This post will walk you through the steps of making an AU Charlie pop. The process will be different for each one, even when you do more than one of the same character. Plastics will react differently, paints may not blend quite the same. But this gives you a glimpse behind the curtain… or gish flag .. I don’t really have curtains….
Step one. Finding the parts. Sometimes you can use one pop and with some paint and sculpting make it into what you want. Sometimes you need to use just swap a head or body to get the look you want. Sometimes you have to go full Dr Benton and take pieces and parts from a few pops to get close to what you need. For AU Charlie, I used 4 pops. 1 for the rifle, 1 for the arms, 1 for the body, and 1 for the head.

The next step is dry fitting so you can make any adjustments you need. The arms may not quite fit, or be in the exact position you want. The body may need some shaping. I’ve gone as far as to swap out feet for different (or no) shoes, so they need to be adjusted to look normal.

After that comes the preliminary sculpting. Sometimes it’s just filling in some holes or beefing up a part. In this case it’s adding a full jacket and waist pack. The medium for sculpting depends on a few factors. Texture, detail, availability, heat, use etc. For Charlie, there isn’t a lot of stress on the sculpture so I used air dry Das clay. I like it because it can be smoothed and give some great detail. you can also let it dry a bit and do some detail work, that cannot be done with sculpy. Scupy is a stronger and quick option. I use a heat gun to cure it. Third that I use is Milliput. It’s a combo of the two in that it is a mix like Sculpy, but air dries and is SUPER strong. It also can be smoothed and detailed like Das. It’s a bit harder for me as it requires a lot of kneading and my RA hands don’t always cooperate. Once dry, the pop gets sanded and sanded and sanded. I use different grits, as well as nail files, and small jeweler files to accent the smaller details.

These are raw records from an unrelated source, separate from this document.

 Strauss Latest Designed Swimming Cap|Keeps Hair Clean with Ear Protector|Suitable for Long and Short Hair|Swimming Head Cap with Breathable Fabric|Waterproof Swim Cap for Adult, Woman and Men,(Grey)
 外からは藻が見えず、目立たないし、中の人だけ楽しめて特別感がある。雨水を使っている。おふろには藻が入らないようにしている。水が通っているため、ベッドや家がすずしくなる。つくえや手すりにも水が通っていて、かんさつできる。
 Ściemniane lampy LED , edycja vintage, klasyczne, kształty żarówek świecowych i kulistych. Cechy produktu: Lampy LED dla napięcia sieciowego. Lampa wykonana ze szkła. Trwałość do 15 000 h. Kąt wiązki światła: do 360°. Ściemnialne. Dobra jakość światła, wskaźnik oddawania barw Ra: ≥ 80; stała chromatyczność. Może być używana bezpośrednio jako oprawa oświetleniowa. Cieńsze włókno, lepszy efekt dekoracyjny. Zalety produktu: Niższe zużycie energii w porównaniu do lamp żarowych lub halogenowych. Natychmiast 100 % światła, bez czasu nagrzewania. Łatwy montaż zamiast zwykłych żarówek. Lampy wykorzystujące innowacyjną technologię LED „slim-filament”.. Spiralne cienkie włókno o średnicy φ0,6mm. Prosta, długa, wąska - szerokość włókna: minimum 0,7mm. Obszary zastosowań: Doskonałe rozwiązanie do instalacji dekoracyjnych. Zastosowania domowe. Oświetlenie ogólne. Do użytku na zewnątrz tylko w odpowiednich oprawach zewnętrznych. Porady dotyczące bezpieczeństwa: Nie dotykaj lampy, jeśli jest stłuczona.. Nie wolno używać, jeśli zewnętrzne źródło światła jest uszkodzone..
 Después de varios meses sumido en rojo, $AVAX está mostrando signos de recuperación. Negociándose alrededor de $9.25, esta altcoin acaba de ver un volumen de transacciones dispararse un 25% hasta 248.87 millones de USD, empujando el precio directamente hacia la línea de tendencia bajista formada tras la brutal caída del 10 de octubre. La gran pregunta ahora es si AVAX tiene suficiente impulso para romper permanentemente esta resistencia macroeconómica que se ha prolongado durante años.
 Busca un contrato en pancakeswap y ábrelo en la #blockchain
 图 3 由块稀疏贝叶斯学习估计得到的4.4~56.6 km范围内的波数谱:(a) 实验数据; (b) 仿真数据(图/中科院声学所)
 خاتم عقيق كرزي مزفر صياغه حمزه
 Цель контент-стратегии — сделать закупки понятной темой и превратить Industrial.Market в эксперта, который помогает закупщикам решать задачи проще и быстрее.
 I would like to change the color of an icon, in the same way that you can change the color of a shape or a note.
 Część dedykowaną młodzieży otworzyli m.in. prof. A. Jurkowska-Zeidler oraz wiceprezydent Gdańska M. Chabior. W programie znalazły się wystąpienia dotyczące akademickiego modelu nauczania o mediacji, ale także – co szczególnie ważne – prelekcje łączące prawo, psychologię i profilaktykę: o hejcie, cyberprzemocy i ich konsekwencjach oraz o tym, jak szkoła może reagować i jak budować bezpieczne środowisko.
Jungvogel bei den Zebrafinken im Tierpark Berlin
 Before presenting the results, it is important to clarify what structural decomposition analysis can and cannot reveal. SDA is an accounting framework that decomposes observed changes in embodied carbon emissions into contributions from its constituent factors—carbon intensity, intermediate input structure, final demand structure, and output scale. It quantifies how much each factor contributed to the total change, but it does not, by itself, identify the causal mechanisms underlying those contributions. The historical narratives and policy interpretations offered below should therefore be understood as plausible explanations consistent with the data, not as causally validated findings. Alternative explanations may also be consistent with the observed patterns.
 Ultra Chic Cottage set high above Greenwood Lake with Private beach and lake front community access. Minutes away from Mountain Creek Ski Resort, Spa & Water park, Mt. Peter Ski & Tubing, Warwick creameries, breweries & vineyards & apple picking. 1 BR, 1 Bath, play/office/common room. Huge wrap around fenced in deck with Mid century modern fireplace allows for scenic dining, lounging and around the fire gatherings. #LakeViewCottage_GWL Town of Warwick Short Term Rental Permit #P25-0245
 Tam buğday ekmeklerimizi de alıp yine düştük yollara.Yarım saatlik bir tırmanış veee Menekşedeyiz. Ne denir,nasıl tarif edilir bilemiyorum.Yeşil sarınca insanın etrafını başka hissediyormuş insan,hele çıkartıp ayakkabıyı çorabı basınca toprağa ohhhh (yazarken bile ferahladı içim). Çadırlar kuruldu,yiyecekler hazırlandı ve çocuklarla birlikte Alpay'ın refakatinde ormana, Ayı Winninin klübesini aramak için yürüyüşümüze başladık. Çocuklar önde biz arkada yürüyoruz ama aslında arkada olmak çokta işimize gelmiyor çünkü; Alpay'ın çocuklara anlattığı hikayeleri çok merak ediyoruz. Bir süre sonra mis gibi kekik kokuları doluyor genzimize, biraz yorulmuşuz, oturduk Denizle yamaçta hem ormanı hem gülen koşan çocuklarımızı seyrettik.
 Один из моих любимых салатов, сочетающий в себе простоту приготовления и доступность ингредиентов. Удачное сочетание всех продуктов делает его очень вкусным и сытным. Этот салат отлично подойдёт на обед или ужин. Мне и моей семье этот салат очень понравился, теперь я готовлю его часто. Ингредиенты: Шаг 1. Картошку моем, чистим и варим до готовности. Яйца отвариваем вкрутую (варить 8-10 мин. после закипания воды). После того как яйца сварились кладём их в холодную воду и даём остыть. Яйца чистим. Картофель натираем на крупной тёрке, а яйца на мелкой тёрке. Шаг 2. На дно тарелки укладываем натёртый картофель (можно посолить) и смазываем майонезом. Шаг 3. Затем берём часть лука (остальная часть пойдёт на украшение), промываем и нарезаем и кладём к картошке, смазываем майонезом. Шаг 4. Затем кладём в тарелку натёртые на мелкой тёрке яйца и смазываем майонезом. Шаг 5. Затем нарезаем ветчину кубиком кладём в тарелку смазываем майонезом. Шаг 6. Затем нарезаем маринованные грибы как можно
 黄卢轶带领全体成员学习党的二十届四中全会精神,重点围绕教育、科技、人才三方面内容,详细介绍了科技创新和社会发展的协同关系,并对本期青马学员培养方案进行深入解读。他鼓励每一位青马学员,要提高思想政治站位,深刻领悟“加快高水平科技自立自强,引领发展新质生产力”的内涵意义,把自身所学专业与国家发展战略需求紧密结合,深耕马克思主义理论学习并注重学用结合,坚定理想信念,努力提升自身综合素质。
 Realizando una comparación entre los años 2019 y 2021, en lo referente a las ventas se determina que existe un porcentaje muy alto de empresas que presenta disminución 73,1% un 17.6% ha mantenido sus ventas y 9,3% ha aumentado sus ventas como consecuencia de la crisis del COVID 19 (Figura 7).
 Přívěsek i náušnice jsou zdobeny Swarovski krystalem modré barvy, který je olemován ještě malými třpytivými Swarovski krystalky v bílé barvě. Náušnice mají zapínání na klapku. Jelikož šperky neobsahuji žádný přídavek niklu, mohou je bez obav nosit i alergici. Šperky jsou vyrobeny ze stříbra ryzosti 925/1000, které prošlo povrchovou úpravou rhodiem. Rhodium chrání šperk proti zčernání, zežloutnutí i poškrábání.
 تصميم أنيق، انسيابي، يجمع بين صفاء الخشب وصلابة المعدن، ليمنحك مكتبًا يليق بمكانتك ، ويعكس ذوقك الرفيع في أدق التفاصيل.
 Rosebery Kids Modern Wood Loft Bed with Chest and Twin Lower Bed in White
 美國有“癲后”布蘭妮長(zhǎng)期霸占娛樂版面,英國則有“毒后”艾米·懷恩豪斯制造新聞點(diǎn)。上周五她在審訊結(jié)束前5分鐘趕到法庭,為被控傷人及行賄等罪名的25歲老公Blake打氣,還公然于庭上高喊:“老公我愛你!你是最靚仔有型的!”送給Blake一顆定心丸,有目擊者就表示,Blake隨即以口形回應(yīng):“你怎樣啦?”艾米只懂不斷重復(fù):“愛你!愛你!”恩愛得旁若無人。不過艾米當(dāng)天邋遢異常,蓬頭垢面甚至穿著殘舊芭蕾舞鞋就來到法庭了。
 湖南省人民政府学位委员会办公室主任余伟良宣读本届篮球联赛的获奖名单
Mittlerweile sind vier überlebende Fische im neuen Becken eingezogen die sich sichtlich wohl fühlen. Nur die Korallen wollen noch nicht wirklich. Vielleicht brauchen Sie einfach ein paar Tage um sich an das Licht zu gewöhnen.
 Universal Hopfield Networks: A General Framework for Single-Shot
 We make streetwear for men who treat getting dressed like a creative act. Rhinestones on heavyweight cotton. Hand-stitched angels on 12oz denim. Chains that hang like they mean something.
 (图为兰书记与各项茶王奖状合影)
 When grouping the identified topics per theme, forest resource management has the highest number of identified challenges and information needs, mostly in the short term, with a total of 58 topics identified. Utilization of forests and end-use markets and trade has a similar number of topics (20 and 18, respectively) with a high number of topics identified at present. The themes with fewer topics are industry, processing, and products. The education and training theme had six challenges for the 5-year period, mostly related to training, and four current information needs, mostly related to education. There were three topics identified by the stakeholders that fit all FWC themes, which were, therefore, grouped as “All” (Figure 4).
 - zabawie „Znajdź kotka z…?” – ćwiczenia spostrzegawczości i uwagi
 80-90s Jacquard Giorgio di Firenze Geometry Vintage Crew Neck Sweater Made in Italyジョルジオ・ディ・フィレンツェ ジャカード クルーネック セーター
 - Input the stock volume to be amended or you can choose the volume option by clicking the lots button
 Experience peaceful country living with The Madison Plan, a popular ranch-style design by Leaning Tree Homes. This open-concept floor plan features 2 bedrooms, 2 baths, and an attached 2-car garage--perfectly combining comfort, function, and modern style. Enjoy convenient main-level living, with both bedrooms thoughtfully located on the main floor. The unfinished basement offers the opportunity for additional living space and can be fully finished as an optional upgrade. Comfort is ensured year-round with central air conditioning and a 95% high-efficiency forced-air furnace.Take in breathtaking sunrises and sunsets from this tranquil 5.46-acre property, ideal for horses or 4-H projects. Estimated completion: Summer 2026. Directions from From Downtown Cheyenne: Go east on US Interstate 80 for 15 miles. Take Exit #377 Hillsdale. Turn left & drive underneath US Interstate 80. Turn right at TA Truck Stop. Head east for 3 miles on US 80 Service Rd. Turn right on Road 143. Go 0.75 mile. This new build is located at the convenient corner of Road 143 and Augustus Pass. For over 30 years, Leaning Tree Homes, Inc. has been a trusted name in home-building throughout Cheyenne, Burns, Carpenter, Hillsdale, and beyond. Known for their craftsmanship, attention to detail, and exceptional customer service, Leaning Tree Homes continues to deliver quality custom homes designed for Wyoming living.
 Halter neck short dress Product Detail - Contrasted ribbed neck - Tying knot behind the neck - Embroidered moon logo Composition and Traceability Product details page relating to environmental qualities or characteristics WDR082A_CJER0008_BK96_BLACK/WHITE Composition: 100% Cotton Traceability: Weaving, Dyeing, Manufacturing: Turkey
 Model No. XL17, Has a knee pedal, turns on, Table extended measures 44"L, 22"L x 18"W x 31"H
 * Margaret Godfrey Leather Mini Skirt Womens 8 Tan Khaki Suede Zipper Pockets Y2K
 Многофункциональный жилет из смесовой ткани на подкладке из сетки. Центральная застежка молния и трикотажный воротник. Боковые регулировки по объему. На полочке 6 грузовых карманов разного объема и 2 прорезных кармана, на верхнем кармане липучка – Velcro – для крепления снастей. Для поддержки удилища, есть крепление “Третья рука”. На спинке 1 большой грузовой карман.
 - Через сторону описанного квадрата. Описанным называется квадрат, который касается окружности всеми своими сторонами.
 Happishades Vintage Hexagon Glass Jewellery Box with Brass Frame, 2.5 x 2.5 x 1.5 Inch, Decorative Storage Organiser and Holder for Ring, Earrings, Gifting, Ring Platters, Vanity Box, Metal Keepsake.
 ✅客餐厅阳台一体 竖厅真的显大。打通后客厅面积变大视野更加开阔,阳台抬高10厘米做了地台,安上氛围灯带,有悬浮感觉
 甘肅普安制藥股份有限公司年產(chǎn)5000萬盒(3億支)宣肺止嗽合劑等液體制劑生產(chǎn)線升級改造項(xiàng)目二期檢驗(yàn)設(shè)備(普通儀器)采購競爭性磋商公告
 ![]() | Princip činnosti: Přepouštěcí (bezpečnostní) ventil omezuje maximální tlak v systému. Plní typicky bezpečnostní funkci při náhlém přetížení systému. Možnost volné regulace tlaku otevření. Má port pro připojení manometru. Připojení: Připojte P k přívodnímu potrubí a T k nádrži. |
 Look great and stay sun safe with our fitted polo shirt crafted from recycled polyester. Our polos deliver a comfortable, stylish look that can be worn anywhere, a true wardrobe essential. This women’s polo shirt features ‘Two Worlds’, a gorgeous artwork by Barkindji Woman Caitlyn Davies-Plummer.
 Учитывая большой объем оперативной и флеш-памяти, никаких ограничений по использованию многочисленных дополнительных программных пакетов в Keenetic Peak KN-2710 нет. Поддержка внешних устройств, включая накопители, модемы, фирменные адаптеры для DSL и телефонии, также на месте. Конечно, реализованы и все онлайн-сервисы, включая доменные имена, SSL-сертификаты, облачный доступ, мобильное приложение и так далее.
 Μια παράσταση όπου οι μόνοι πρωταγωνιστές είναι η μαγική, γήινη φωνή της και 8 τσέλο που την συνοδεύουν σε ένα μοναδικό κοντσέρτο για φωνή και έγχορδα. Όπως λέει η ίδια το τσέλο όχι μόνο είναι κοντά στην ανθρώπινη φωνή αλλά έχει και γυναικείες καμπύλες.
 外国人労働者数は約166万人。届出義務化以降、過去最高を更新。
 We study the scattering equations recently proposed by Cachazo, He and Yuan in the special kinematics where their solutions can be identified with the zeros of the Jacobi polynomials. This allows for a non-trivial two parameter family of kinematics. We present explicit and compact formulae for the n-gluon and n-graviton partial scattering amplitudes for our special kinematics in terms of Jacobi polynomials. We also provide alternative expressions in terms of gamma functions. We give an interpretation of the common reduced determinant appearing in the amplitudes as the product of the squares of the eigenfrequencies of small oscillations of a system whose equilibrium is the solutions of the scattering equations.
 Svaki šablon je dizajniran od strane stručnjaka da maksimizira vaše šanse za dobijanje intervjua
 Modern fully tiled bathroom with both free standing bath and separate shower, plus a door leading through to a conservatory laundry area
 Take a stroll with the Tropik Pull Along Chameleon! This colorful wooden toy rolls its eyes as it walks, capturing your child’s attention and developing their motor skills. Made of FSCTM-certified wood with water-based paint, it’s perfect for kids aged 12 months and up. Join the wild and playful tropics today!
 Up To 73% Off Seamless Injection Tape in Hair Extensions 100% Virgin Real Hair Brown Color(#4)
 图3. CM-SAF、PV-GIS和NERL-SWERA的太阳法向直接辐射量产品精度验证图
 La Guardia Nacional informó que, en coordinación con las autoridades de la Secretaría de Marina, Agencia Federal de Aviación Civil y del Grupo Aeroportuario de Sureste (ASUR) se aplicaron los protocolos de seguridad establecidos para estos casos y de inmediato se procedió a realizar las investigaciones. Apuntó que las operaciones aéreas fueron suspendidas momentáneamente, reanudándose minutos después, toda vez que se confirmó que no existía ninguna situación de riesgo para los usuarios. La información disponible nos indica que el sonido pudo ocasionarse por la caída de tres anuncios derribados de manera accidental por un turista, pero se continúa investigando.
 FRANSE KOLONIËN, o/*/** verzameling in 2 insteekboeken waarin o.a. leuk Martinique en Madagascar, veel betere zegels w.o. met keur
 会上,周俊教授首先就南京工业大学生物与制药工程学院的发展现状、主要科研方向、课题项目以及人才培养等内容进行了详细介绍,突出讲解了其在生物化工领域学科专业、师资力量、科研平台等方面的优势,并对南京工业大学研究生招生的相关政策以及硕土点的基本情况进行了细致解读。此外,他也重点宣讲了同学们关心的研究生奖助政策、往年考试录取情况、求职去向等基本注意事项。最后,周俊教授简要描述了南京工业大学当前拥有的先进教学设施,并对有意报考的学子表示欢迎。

Now we’re onto the paint portion of our Pop. I’ve split this into 3 areas. Body, Eyes and Hair. Depending on the sculpting medium and the base it often takes a few coats. I tried getting “good” paint, with high pigment, but the best I’ve found is the simple bottles from any store. They adhere well to the pop and cover nicely. It’s generally a solid base coat, then the second coat with the shading and detail work. Next is the sealer/varnish. I like to use different finishes to add texture and to highlight. For AU Charlie, I used satin finish on her clothing, matte finish on her gun stock and skin and gloss on her gun barrel. This is the painting on the body
The eyes are generally next. I work on a few pops at once to account for drying time. The eyes I do are my signature, of sorts. everyone has their own style. I love how they eyes can change the whole look. I use metallics for the eyes. Usually 2 or 3 colours. For AU Charlie, it’s bright green, copper and an ocean blue. they are slightly blended to fade into each other. I then use metallic black to fix the eyeline, and white to give a small line at the bottom, and the shine dots. Once that is dry, I use a thick sealer to provide a high shine and rounded finish. If you’ve followed my SM… Eyeshine means bedtime! It takes a while to dry and if you jostle the pops, the sealant will drip, so I usually do them, and head to bed (or out if it’s early) so I don’t jostle them.
The hair comes next. I start with a base coat the colour I need. I add some irridescence to the paint to give some hair shine. Then I add highlights and low lights with metallics. For AU Charlie, I use paprika for the base, copper, gold and black/Dark brown metallics for the high and low lights. Then I use a wide dry brush to blend them together. This can get messy so after, I clean up the hairlines with pointed cotton swabs and acetone. If the face is painted, I’ll protect it with tape. Then it gets a high gloss varnish and a rest on the “bouquet of heads”.

Now to assembly. Sometimes when you’ve used a different head, it doesn’t fit well onto the body. That’s when finagling comes in. Sometimes just heating to melt and reforming, sometimes shaving down, sometimes some swearing and banging. Sometimes the problem is the neck is too small. Sometimes I have no choice but to glue the head on, but it’s not ideal. I prefer when the head can still move. Other times I use a pin to secure the head, and still let it move.

Finally it’s all together! Then it needs a few days for the paint, glue and sealant to cure, otherwise it sticks to the insert. Then it’s ready for it’s photo shoot and new family! (or staying in this family)

I hope this gave you an insight into what goes into these guys. They usually take a week or two, with drying time to complete. Some faster, some longer. Labours of love for sure! Some are harder to send to their new homes than others!